• **WORK REQUIRED**: Output the listing word for word, minus pictures.
Start of Block
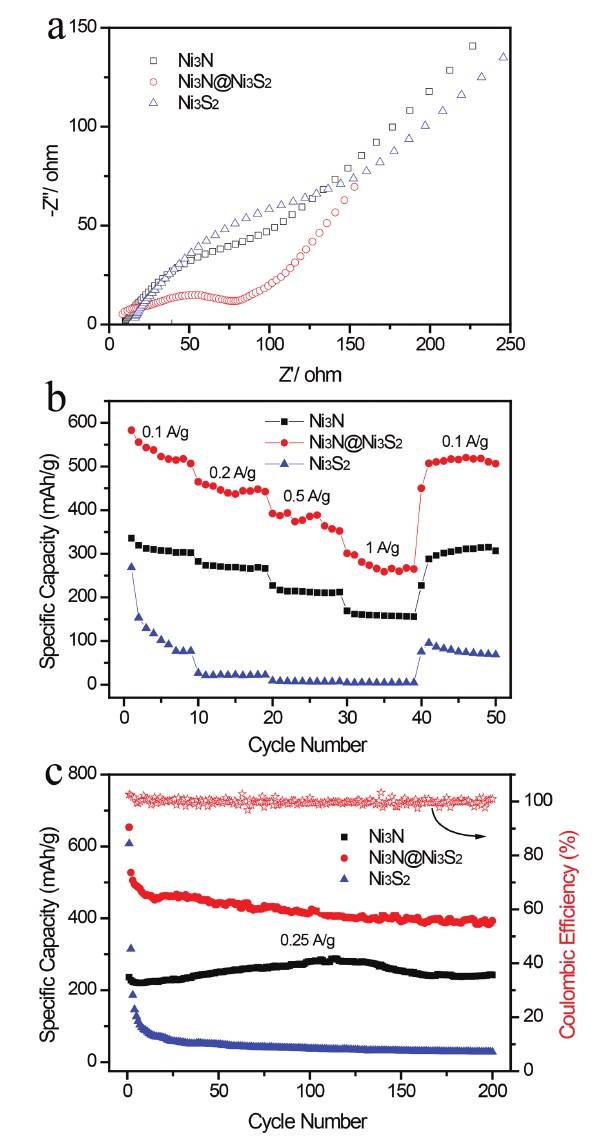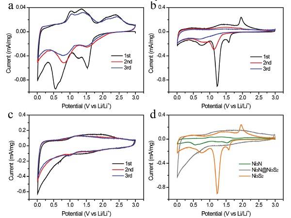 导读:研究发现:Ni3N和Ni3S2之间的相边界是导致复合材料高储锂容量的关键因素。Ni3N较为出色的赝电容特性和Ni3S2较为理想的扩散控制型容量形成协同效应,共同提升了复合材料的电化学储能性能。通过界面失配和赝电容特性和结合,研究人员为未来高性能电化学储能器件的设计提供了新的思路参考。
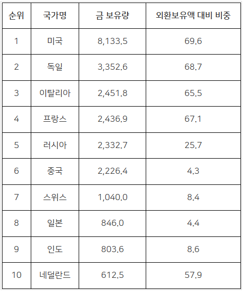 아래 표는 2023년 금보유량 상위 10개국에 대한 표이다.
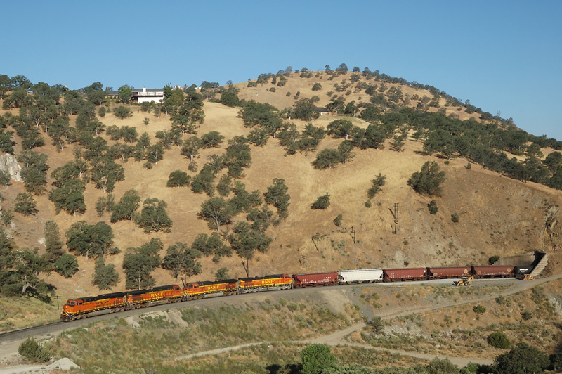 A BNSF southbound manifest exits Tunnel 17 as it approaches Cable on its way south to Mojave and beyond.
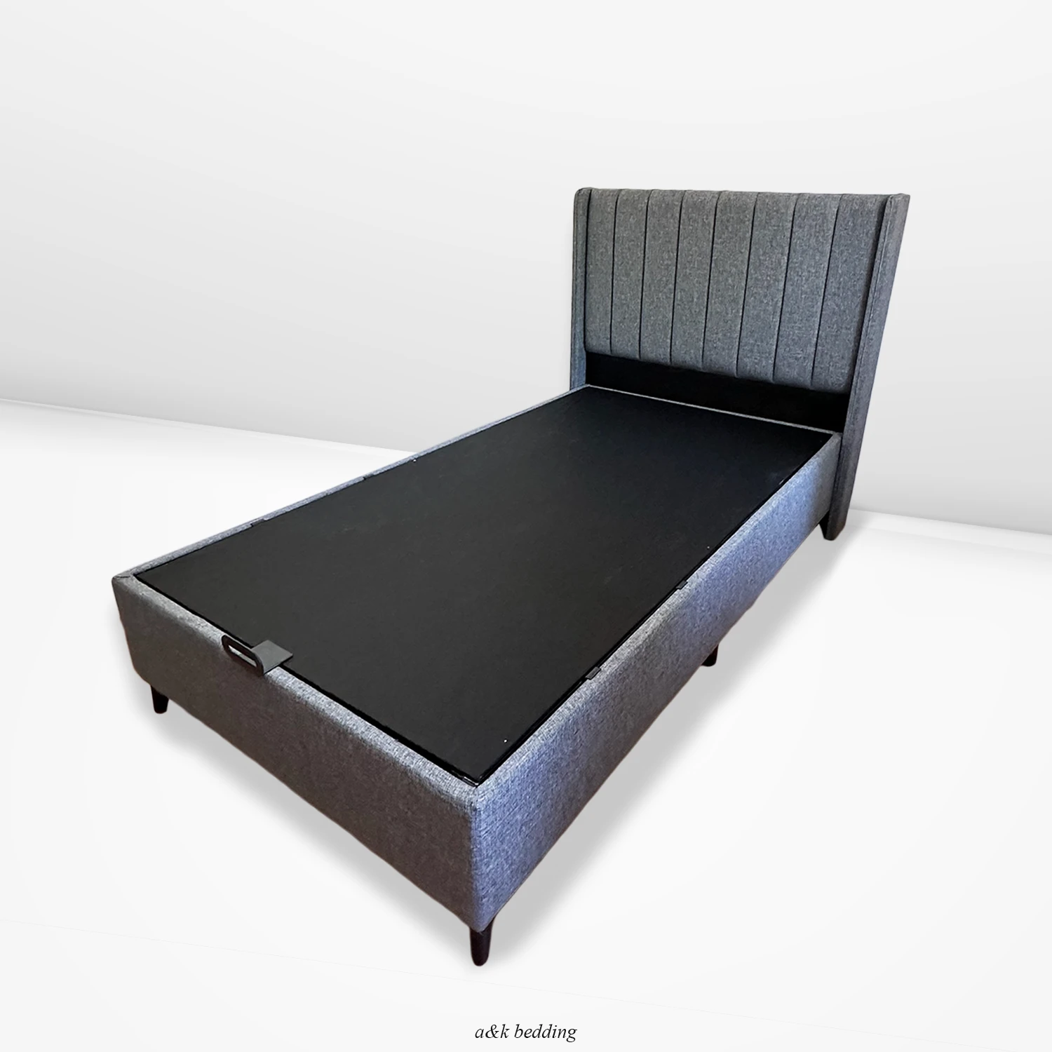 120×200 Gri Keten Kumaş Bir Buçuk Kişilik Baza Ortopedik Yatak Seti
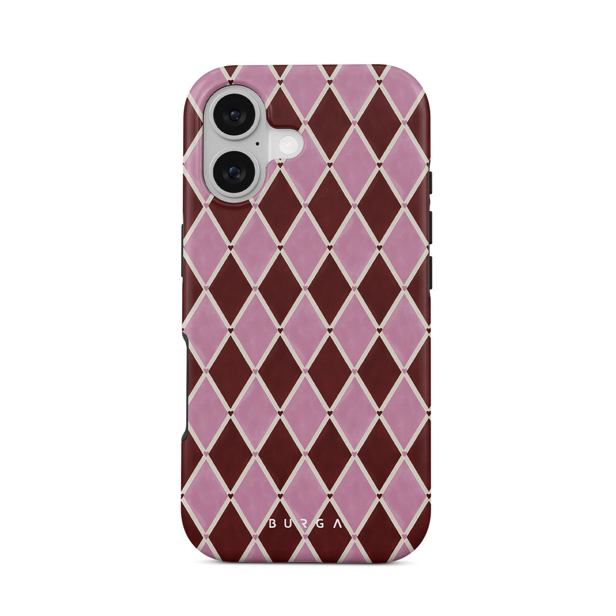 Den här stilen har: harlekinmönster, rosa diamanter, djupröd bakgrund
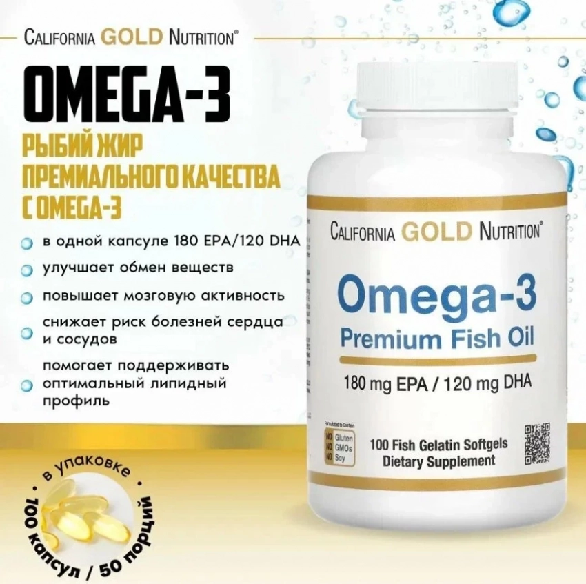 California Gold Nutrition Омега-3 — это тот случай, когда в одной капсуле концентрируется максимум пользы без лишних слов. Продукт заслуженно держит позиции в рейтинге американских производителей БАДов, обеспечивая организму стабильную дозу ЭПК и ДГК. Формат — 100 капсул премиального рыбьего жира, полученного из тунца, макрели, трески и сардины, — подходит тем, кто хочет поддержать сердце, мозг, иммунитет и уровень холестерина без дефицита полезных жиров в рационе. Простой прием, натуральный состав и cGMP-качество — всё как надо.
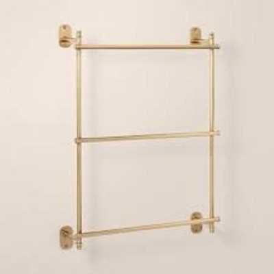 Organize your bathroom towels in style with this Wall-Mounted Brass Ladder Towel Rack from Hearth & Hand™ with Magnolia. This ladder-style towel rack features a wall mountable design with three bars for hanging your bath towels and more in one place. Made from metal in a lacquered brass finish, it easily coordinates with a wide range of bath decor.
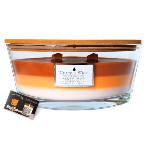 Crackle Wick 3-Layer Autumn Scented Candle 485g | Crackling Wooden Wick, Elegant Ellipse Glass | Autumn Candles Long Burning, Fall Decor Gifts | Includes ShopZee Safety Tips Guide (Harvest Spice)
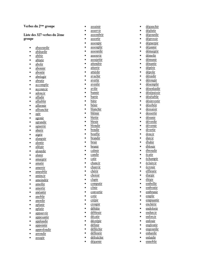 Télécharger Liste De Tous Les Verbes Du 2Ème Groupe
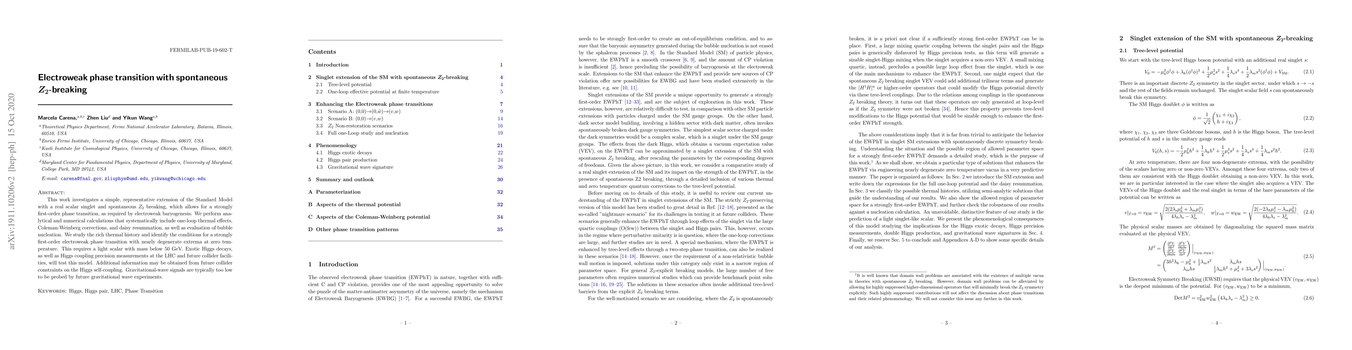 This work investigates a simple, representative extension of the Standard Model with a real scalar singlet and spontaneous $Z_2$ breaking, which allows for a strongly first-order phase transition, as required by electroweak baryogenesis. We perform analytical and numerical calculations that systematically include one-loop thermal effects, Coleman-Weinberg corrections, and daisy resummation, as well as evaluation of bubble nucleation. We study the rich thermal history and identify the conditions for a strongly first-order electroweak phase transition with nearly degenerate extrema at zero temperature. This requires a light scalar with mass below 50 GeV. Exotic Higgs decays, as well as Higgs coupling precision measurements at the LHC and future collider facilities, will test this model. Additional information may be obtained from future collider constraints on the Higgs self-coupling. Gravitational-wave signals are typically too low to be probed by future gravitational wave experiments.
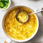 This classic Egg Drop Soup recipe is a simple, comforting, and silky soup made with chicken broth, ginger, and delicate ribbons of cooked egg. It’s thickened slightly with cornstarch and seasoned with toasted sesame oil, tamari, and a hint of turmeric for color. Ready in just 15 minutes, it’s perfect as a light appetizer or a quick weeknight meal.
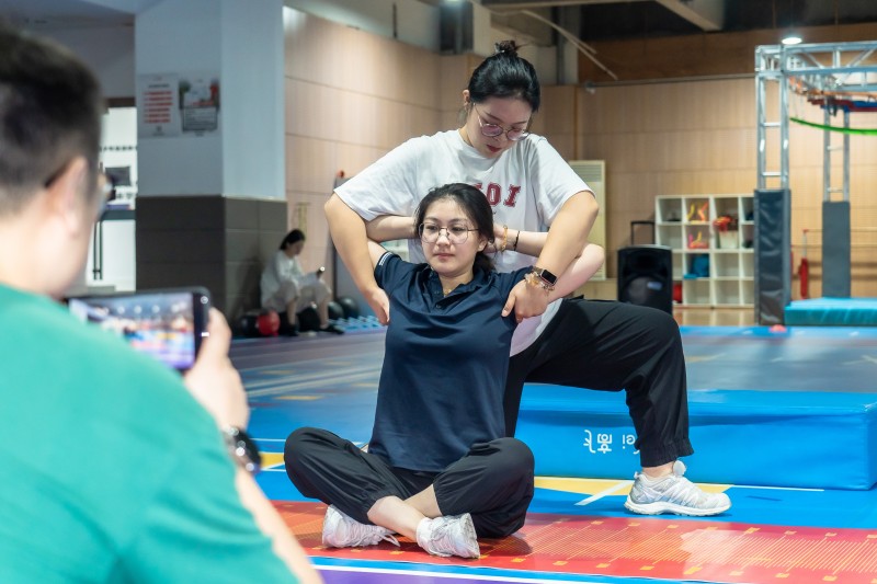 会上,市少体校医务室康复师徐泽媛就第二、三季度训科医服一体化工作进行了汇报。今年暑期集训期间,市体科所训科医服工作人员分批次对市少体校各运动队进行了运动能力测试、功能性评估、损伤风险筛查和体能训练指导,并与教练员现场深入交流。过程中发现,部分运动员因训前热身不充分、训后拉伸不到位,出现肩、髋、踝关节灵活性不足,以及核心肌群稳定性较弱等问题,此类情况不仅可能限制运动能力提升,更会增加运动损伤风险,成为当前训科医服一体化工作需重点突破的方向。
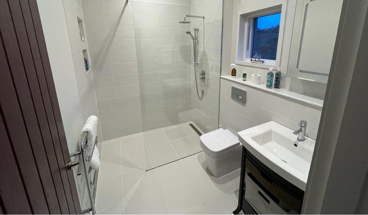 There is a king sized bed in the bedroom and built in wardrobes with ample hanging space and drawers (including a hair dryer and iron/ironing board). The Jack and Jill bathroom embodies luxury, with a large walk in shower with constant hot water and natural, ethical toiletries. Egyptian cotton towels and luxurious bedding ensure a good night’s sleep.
End of Block
• **ANSWER SECTION**:
 导读:研究发现:Ni3N和Ni3S2之间的相边界是导致复合材料高储锂容量的关键因素。Ni3N较为出色的赝电容特性和Ni3S2较为理想的扩散控制型容量形成协同效应,共同提升了复合材料的电化学储能性能。通过界面失配和赝电容特性和结合,研究人员为未来高性能电化学储能器件的设计提供了新的思路参考。
 아래 표는 2023년 금보유량 상위 10개국에 대한 표이다.
 A BNSF southbound manifest exits Tunnel 17 as it approaches Cable on its way south to Mojave and beyond.
 120×200 Gri Keten Kumaş Bir Buçuk Kişilik Baza Ortopedik Yatak Seti
 Den här stilen har: harlekinmönster, rosa diamanter, djupröd bakgrund
 California Gold Nutrition Омега-3 — это тот случай, когда в одной капсуле концентрируется максимум пользы без лишних слов. Продукт заслуженно держит позиции в рейтинге американских производителей БАДов, обеспечивая организму стабильную дозу ЭПК и ДГК. Формат — 100 капсул премиального рыбьего жира, полученного из тунца, макрели, трески и сардины, — подходит тем, кто хочет поддержать сердце, мозг, иммунитет и уровень холестерина без дефицита полезных жиров в рационе. Простой прием, натуральный состав и cGMP-качество — всё как надо.
 Organize your bathroom towels in style with this Wall-Mounted Brass Ladder Towel Rack from Hearth & Hand™ with Magnolia. This ladder-style towel rack features a wall mountable design with three bars for hanging your bath towels and more in one place. Made from metal in a lacquered brass finish, it easily coordinates with a wide range of bath decor.
 Crackle Wick 3-Layer Autumn Scented Candle 485g | Crackling Wooden Wick, Elegant Ellipse Glass | Autumn Candles Long Burning, Fall Decor Gifts | Includes ShopZee Safety Tips Guide (Harvest Spice)
 Télécharger Liste De Tous Les Verbes Du 2Ème Groupe
 This work investigates a simple, representative extension of the Standard Model with a real scalar singlet and spontaneous $Z_2$ breaking, which allows for a strongly first-order phase transition, as required by electroweak baryogenesis. We perform analytical and numerical calculations that systematically include one-loop thermal effects, Coleman-Weinberg corrections, and daisy resummation, as well as evaluation of bubble nucleation. We study the rich thermal history and identify the conditions for a strongly first-order electroweak phase transition with nearly degenerate extrema at zero temperature. This requires a light scalar with mass below 50 GeV. Exotic Higgs decays, as well as Higgs coupling precision measurements at the LHC and future collider facilities, will test this model. Additional information may be obtained from future collider constraints on the Higgs self-coupling. Gravitational-wave signals are typically too low to be probed by future gravitational wave experiments.
 This classic Egg Drop Soup recipe is a simple, comforting, and silky soup made with chicken broth, ginger, and delicate ribbons of cooked egg. It’s thickened slightly with cornstarch and seasoned with toasted sesame oil, tamari, and a hint of turmeric for color. Ready in just 15 minutes, it’s perfect as a light appetizer or a quick weeknight meal.
 会上,市少体校医务室康复师徐泽媛就第二、三季度训科医服一体化工作进行了汇报。今年暑期集训期间,市体科所训科医服工作人员分批次对市少体校各运动队进行了运动能力测试、功能性评估、损伤风险筛查和体能训练指导,并与教练员现场深入交流。过程中发现,部分运动员因训前热身不充分、训后拉伸不到位,出现肩、髋、踝关节灵活性不足,以及核心肌群稳定性较弱等问题,此类情况不仅可能限制运动能力提升,更会增加运动损伤风险,成为当前训科医服一体化工作需重点突破的方向。
 There is a king sized bed in the bedroom and built in wardrobes with ample hanging space and drawers (including a hair dryer and iron/ironing board). The Jack and Jill bathroom embodies luxury, with a large walk in shower with constant hot water and natural, ethical toiletries. Egyptian cotton towels and luxurious bedding ensure a good night’s sleep.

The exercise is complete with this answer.